If pictures appear among the lines below, leave them out while you return exactly the lines from the one with "Останкинская телевизионная башня" through the one with "Due diligence requirements, enter".
RECORDS START
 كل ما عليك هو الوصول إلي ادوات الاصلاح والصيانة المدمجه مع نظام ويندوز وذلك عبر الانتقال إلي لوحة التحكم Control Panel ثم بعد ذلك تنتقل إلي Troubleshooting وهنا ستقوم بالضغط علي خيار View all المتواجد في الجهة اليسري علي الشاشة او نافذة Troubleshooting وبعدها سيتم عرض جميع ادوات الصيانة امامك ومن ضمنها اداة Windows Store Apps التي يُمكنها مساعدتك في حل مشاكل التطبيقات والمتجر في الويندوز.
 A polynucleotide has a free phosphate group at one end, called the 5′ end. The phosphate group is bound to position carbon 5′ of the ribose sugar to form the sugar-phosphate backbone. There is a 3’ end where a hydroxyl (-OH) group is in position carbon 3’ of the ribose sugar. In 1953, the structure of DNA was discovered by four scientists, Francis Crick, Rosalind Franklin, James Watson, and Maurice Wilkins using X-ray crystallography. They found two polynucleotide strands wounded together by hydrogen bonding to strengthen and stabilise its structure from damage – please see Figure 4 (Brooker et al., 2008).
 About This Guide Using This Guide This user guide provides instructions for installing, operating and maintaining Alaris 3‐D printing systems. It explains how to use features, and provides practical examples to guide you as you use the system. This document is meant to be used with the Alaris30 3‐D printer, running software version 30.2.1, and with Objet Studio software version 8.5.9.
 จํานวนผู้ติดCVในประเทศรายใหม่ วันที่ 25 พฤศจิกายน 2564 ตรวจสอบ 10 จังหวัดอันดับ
RECORDS END
RECORDS START
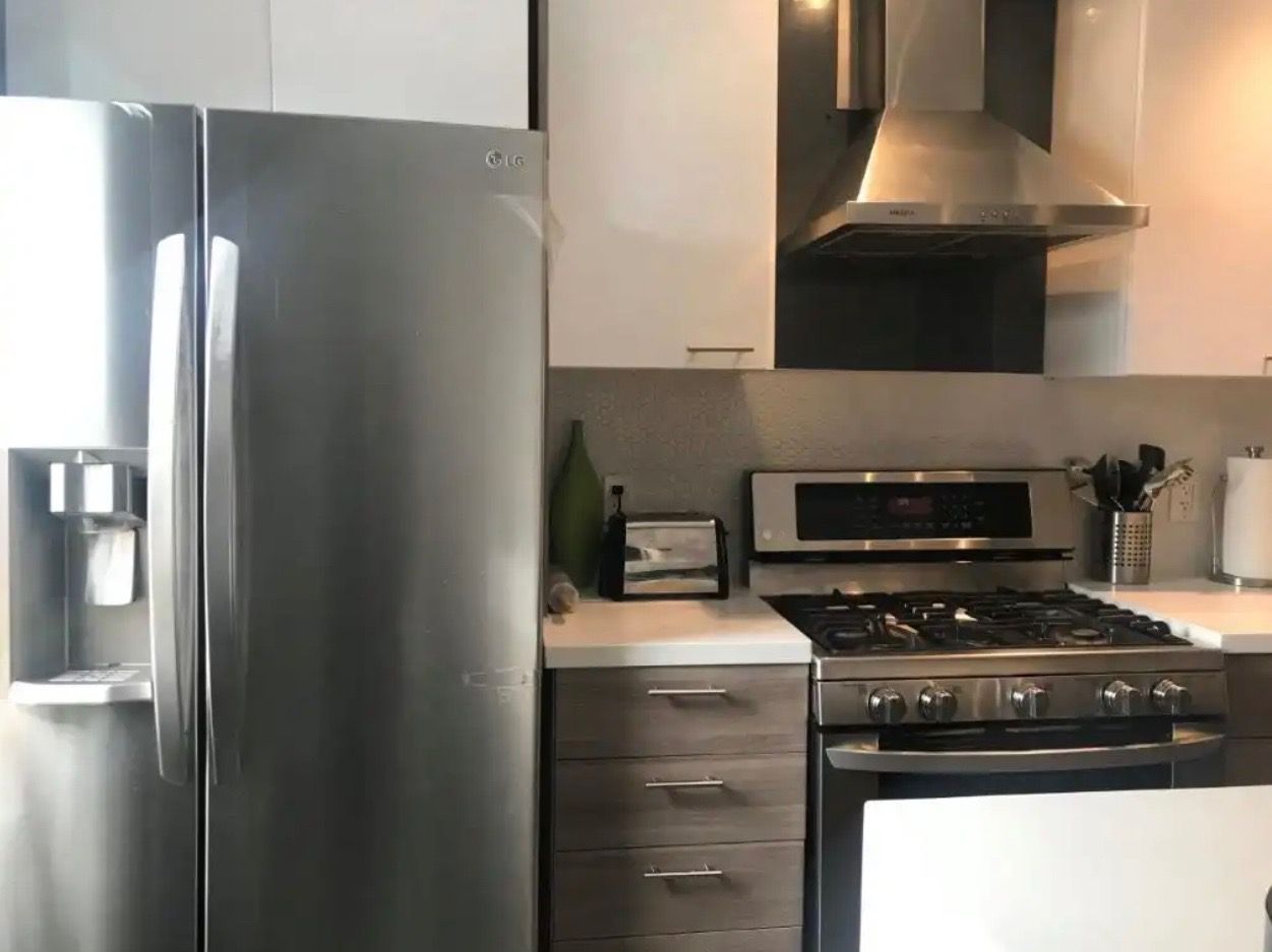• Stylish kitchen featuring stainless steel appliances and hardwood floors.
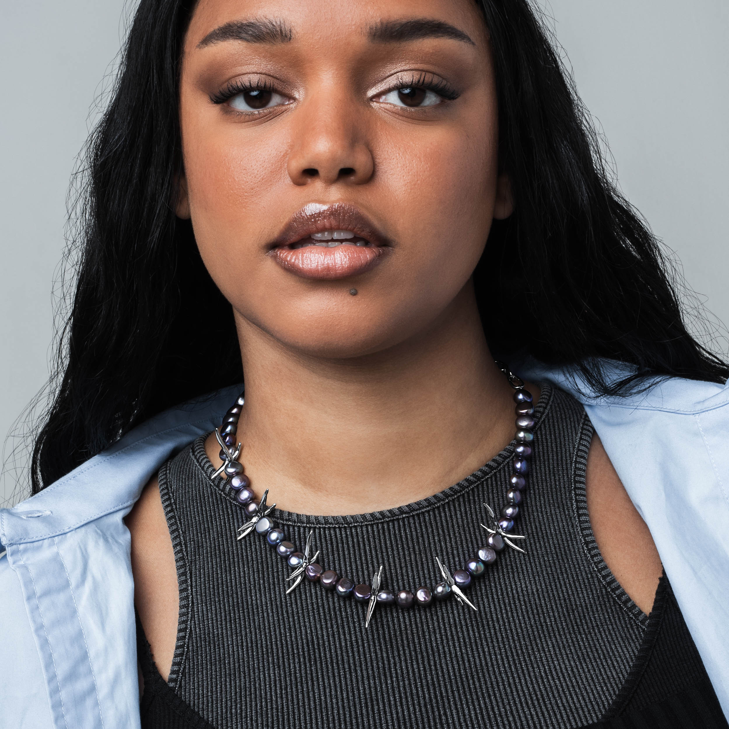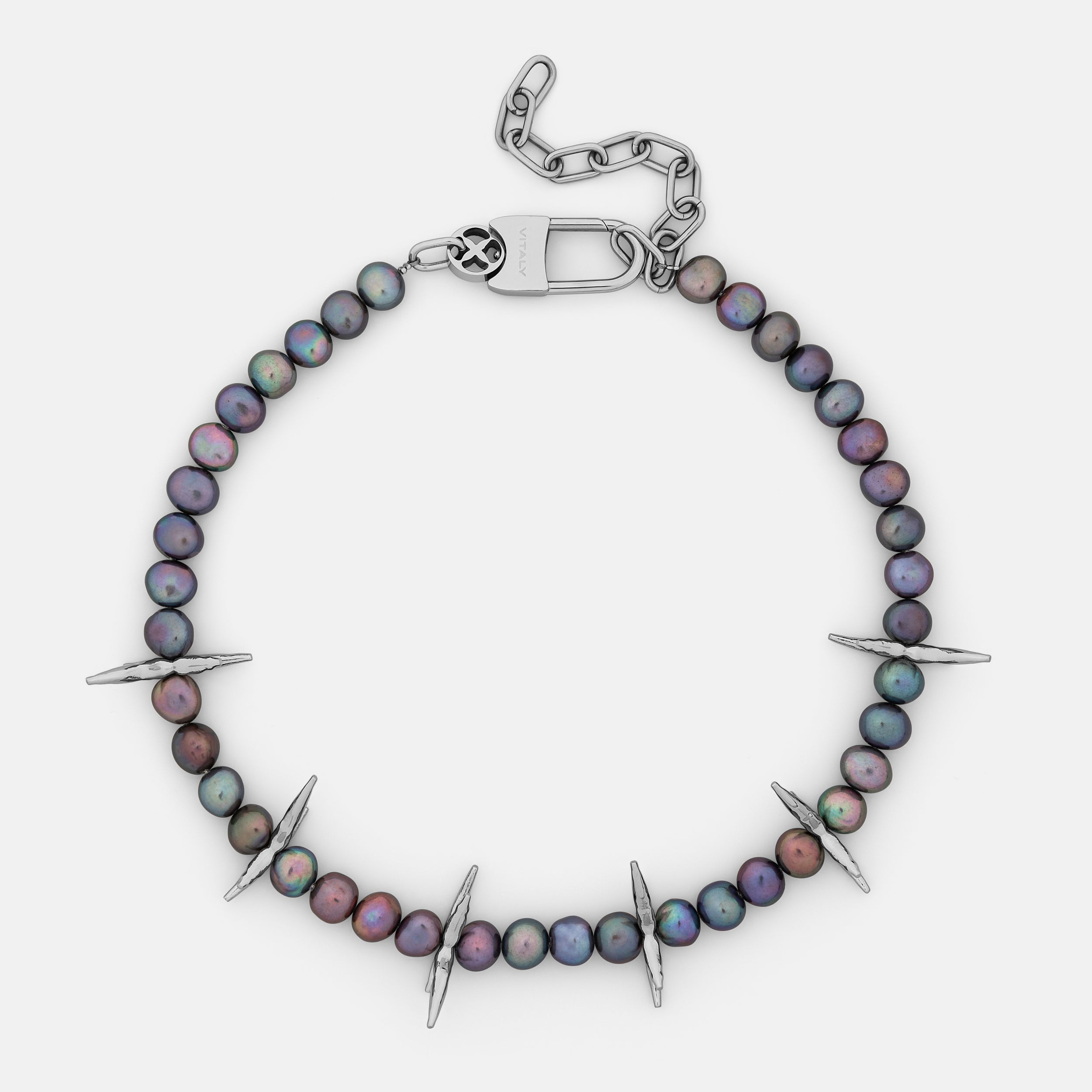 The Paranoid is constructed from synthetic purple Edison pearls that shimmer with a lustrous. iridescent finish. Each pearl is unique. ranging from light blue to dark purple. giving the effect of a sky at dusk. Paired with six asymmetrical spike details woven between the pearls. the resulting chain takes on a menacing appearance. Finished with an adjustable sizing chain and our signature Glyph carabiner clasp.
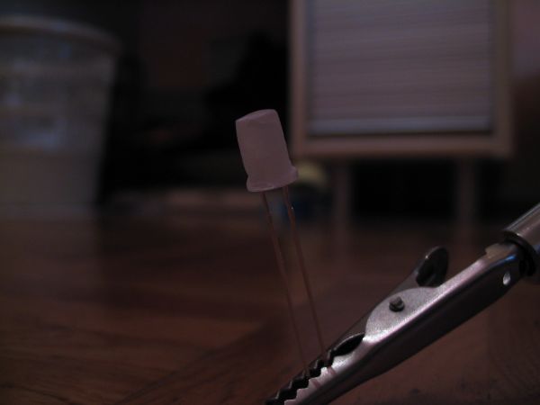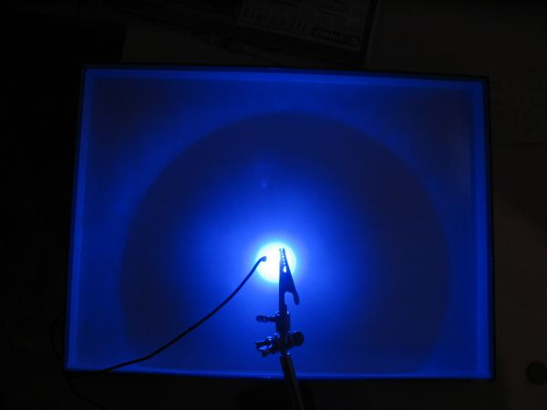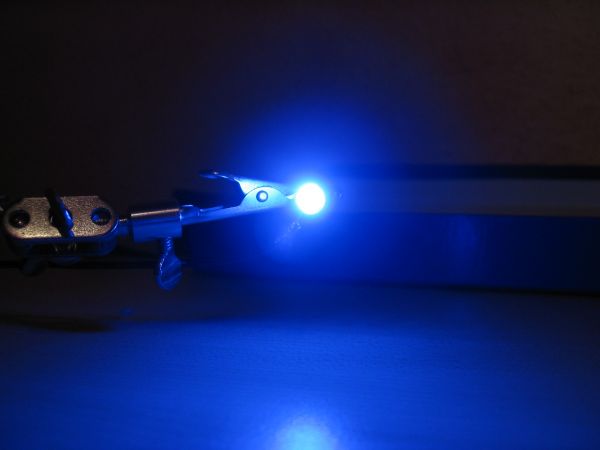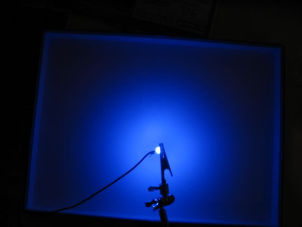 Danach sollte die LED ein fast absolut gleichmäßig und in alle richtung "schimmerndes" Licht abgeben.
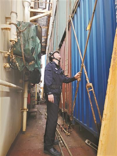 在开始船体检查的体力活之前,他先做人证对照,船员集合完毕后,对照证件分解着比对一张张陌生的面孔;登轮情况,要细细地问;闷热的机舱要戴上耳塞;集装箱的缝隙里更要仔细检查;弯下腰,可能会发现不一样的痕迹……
RECORDS END
RECORDS START
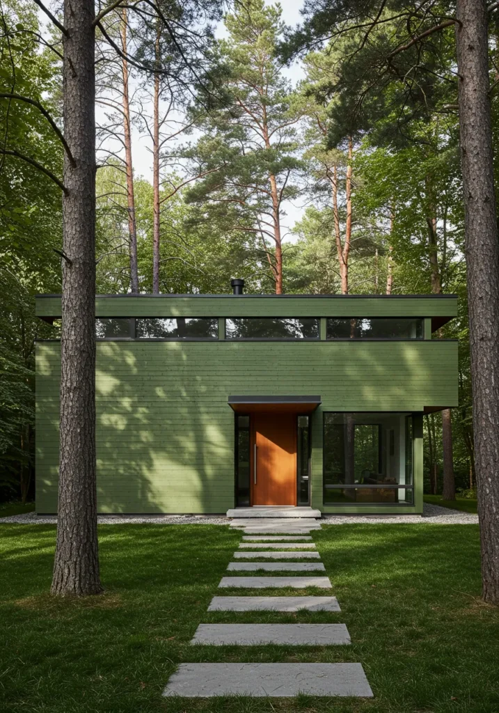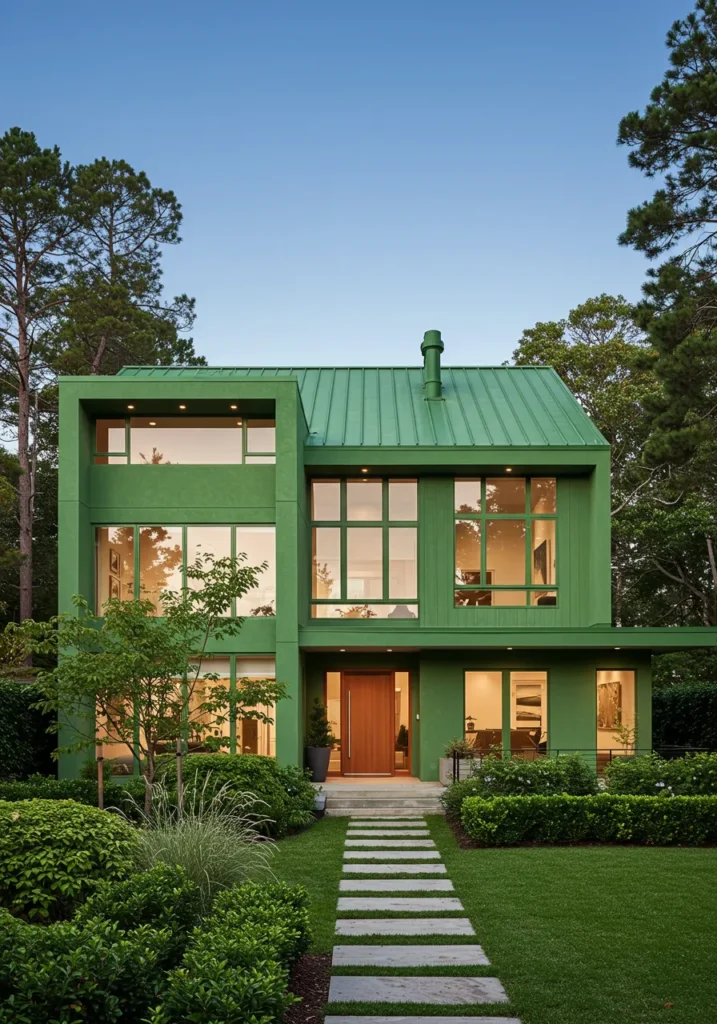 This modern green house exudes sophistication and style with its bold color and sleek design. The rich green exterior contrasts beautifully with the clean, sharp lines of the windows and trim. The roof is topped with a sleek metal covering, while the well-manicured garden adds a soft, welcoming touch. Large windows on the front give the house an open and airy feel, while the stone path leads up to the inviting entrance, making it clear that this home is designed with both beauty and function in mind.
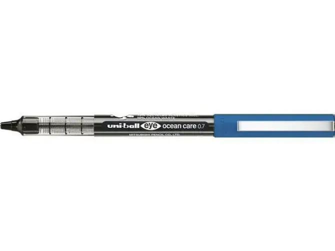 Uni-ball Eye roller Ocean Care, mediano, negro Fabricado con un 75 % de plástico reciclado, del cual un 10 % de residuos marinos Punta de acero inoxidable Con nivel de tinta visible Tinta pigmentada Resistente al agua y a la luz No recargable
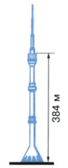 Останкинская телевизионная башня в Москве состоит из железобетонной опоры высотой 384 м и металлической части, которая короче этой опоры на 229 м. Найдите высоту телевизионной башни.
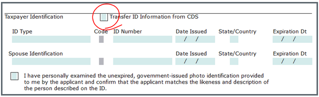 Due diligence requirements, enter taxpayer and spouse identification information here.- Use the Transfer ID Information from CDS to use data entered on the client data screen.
RECORDS END
• [FINISHED EXERCISE]:
 Останкинская телевизионная башня в Москве состоит из железобетонной опоры высотой 384 м и металлической части, которая короче этой опоры на 229 м. Найдите высоту телевизионной башни.
 Due diligence requirements, enter taxpayer and spouse identification information here.- Use the Transfer ID Information from CDS to use data entered on the client data screen.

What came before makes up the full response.